→ What needs to be done
Leaving the pictures aside, transcribe only and exactly the lines from the one with "This life expectancy" through the end of the entries, both included.

(Recorded data)
=== Section Start ===

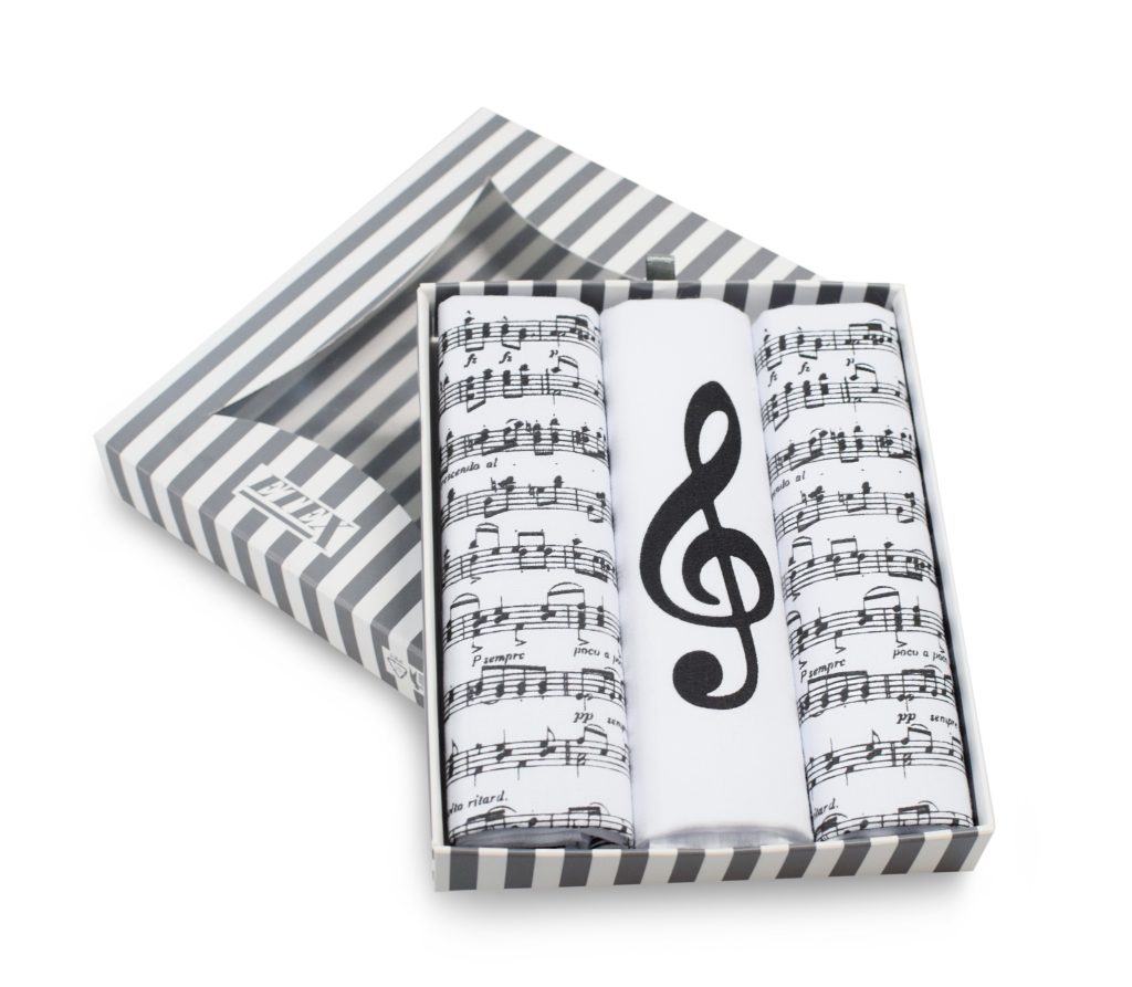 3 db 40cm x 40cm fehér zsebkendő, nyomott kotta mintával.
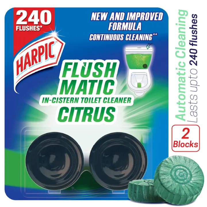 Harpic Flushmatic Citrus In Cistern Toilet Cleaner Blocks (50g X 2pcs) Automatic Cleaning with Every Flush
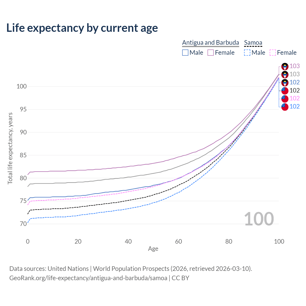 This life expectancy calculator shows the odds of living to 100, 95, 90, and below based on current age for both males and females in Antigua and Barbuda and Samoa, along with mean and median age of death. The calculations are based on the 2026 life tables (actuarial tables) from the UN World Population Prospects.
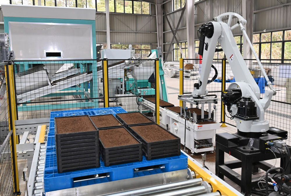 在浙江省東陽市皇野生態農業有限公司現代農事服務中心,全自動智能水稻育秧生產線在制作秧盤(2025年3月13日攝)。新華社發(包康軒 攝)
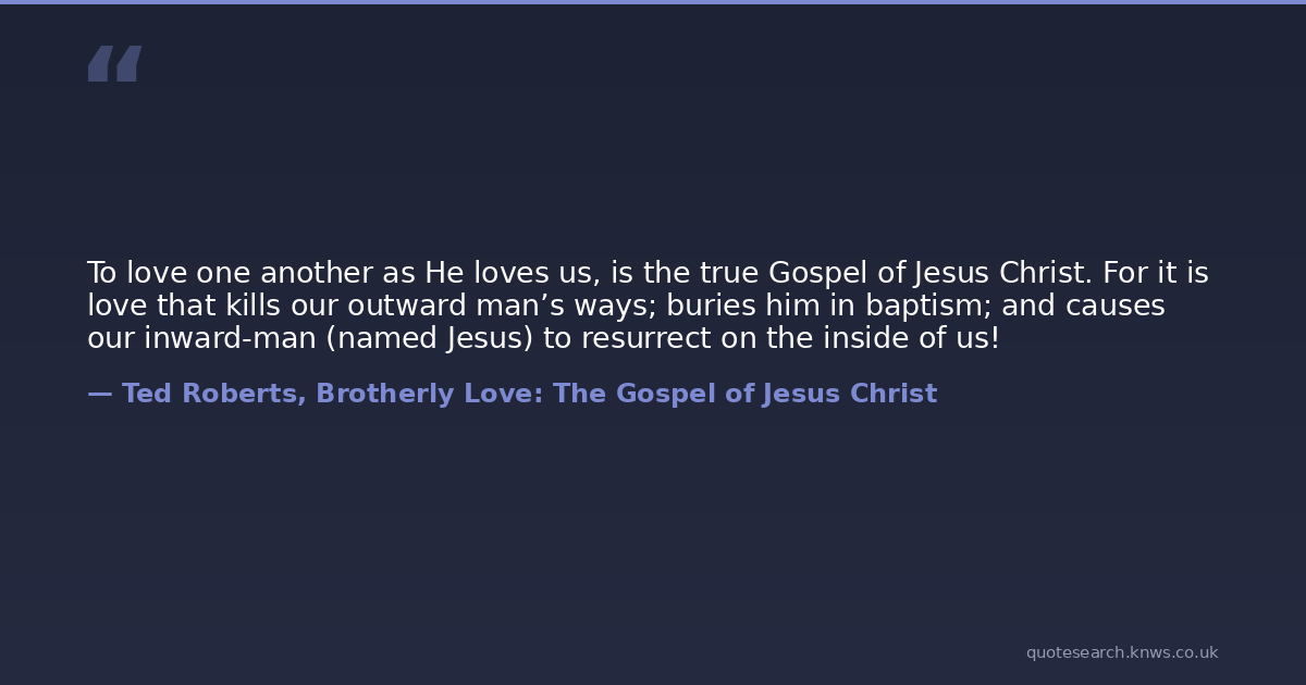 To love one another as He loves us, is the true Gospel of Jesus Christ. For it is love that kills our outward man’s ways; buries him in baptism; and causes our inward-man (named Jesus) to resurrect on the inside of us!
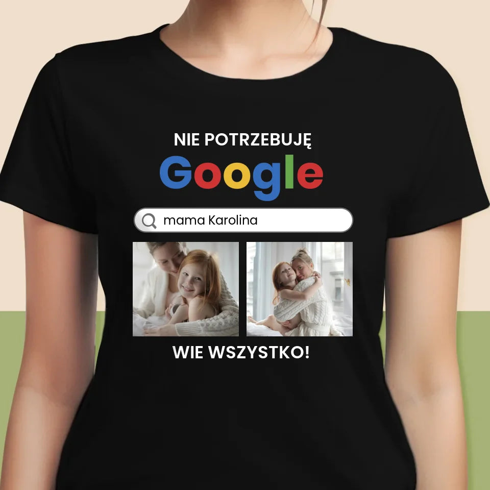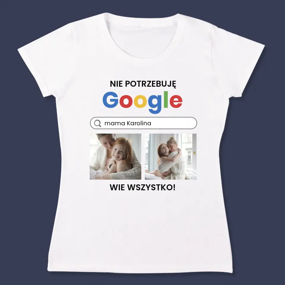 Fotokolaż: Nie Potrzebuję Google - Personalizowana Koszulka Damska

=== Section End ===

→ Response box
 This life expectancy calculator shows the odds of living to 100, 95, 90, and below based on current age for both males and females in Antigua and Barbuda and Samoa, along with mean and median age of death. The calculations are based on the 2026 life tables (actuarial tables) from the UN World Population Prospects.
 在浙江省東陽市皇野生態農業有限公司現代農事服務中心,全自動智能水稻育秧生產線在制作秧盤(2025年3月13日攝)。新華社發(包康軒 攝)
 To love one another as He loves us, is the true Gospel of Jesus Christ. For it is love that kills our outward man’s ways; buries him in baptism; and causes our inward-man (named Jesus) to resurrect on the inside of us!
 Fotokolaż: Nie Potrzebuję Google - Personalizowana Koszulka Damska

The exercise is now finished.